- **Task objective**
Your output must be the lines below from the line containing "根據《瀘水市機關事業單位工作" to the line containing "だけのことはある | |", both lines included, reproduced exactly and without pictures.

* * *

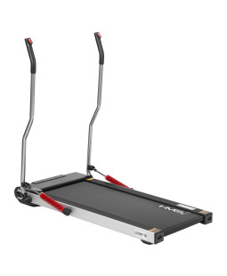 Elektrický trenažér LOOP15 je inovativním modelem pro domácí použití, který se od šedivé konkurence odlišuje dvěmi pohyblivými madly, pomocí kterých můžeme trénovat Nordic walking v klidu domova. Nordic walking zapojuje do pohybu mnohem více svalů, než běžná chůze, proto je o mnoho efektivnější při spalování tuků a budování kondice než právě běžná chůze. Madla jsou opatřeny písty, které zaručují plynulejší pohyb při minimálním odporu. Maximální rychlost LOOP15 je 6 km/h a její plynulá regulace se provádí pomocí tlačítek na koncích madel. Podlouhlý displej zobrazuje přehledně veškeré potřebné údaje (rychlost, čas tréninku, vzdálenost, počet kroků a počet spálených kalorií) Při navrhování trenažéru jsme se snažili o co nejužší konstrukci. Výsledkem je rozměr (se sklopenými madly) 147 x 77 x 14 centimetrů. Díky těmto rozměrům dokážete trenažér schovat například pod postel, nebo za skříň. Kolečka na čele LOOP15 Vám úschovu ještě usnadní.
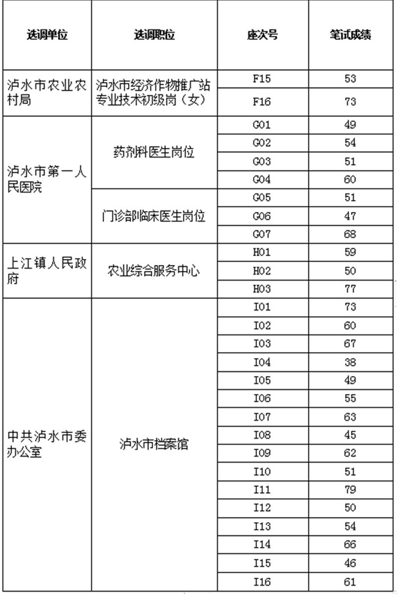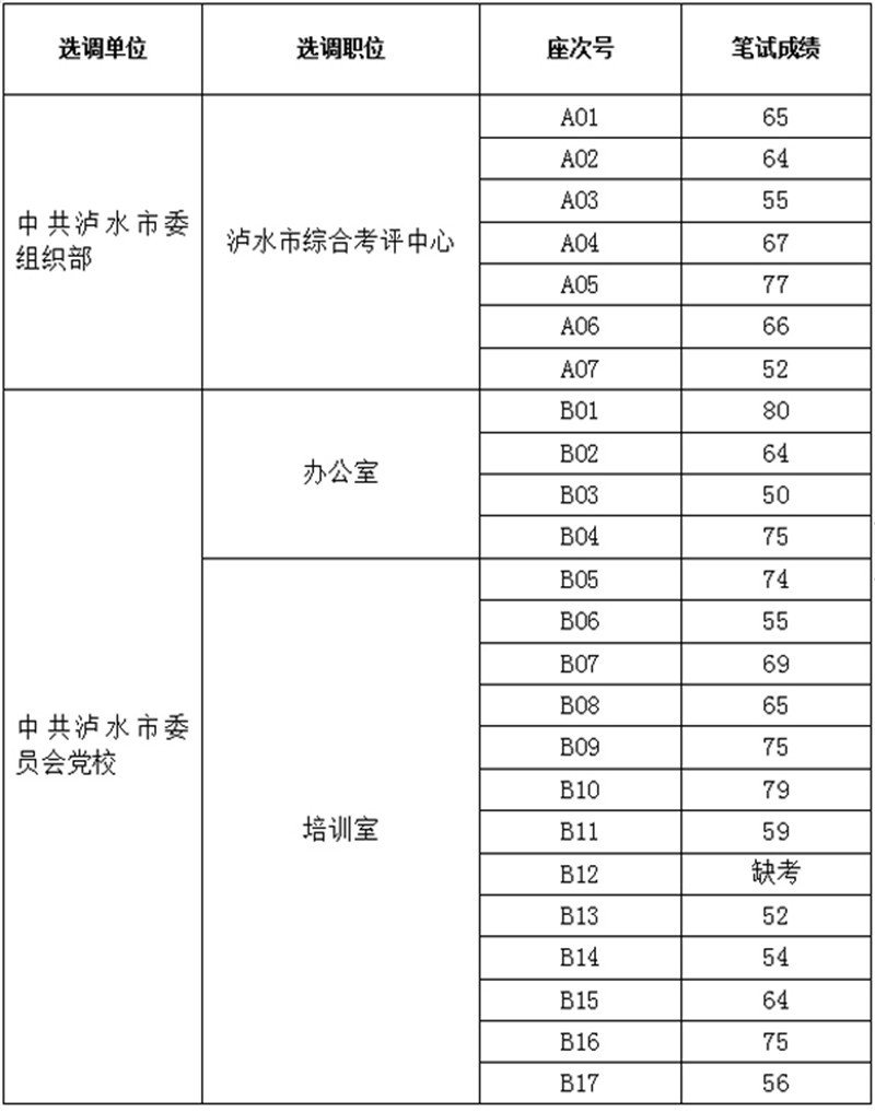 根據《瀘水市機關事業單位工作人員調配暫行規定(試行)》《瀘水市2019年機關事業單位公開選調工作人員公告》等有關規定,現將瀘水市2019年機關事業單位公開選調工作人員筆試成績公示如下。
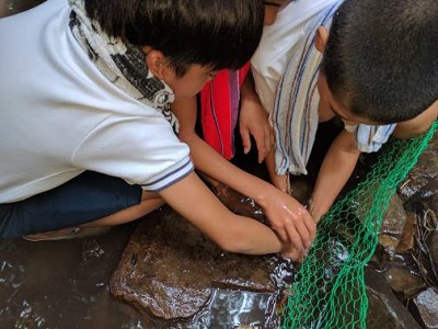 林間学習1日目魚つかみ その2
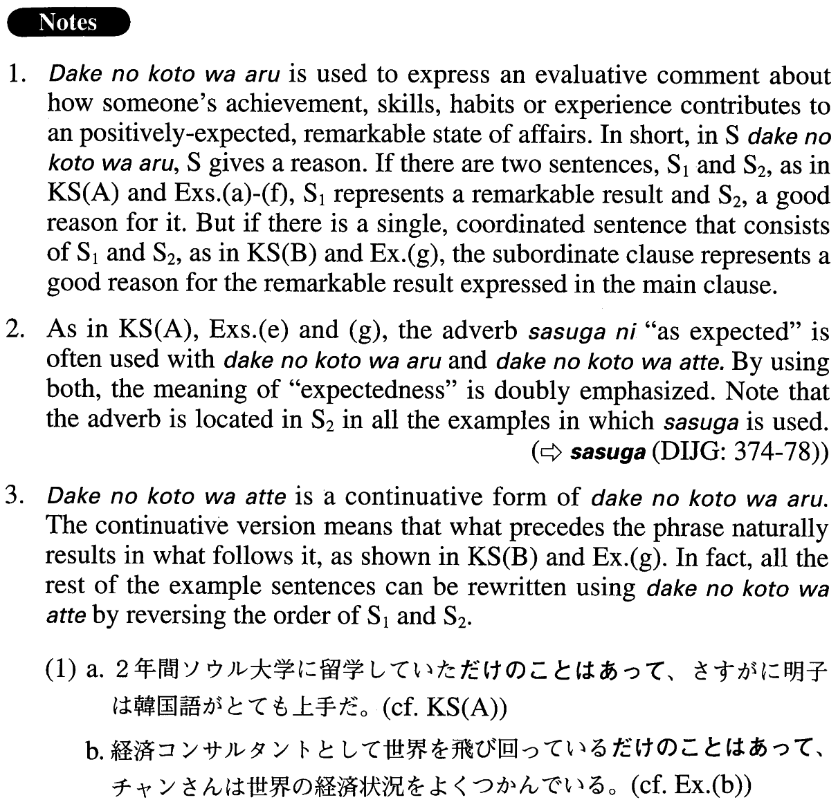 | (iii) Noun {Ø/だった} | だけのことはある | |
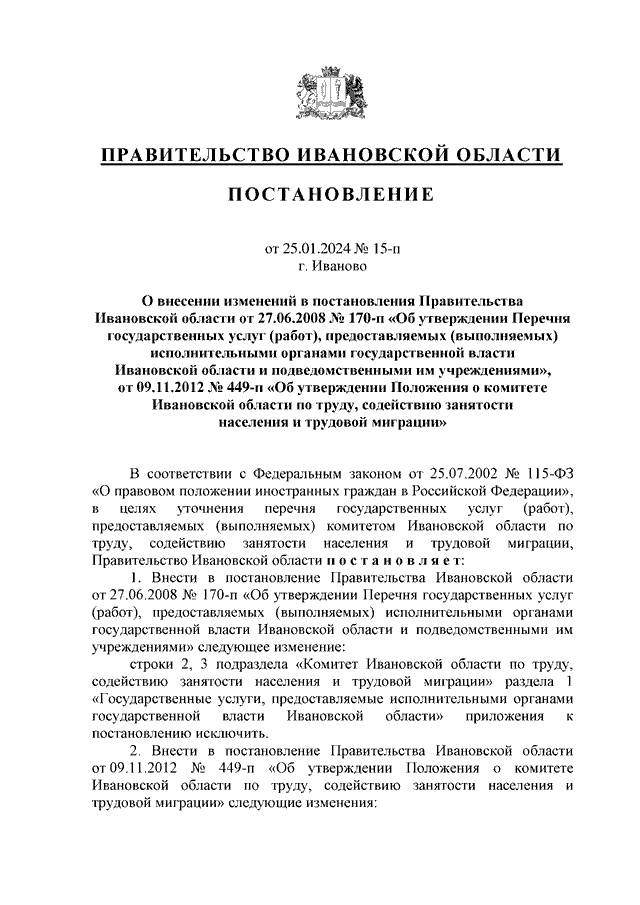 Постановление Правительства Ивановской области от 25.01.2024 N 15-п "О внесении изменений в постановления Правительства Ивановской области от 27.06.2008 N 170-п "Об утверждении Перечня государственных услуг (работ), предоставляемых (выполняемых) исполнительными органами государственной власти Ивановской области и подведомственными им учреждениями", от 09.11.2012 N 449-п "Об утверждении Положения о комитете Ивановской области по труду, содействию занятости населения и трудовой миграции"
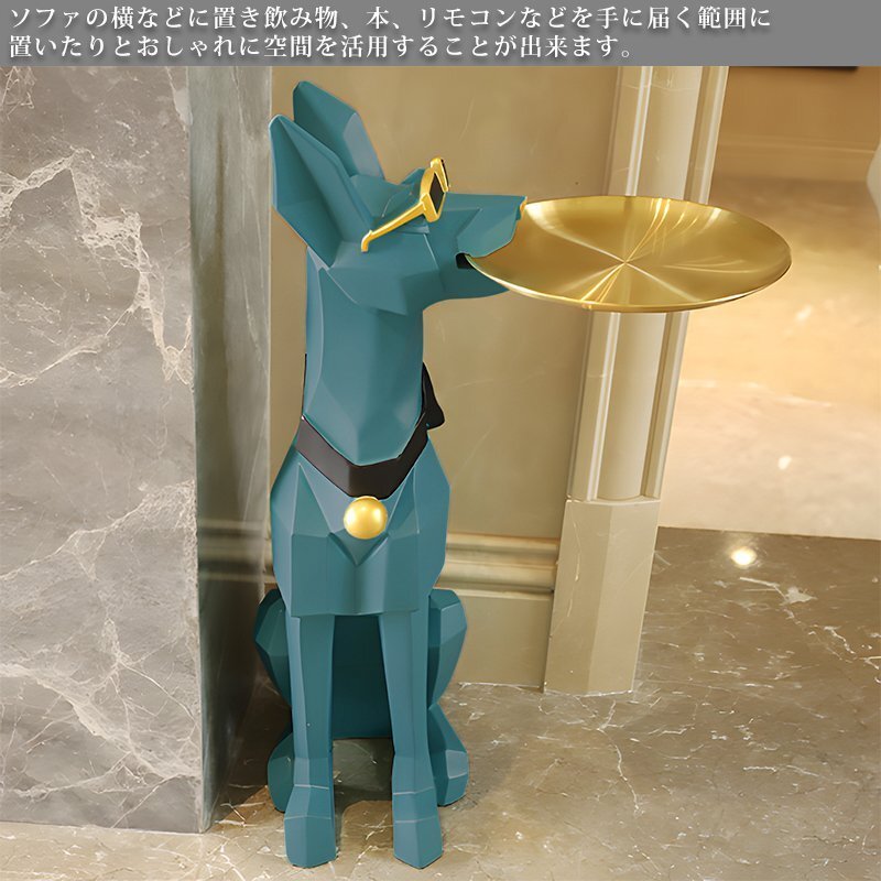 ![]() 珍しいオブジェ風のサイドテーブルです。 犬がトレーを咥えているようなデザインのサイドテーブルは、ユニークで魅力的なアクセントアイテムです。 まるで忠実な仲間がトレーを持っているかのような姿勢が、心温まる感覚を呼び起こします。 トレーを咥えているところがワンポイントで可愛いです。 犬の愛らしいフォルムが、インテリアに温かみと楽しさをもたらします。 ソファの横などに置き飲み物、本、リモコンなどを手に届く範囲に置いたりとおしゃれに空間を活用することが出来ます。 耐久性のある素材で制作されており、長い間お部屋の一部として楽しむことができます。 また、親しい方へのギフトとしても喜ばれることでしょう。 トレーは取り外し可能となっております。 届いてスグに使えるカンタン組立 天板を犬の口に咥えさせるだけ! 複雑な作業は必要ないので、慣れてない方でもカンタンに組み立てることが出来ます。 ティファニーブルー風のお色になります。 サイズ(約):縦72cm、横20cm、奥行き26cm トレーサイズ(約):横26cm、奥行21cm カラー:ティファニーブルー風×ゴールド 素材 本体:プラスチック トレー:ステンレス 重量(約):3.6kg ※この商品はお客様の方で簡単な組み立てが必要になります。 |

* * *

- **Exercise output**
 根據《瀘水市機關事業單位工作人員調配暫行規定(試行)》《瀘水市2019年機關事業單位公開選調工作人員公告》等有關規定,現將瀘水市2019年機關事業單位公開選調工作人員筆試成績公示如下。
 林間学習1日目魚つかみ その2
 | (iii) Noun {Ø/だった} | だけのことはある | |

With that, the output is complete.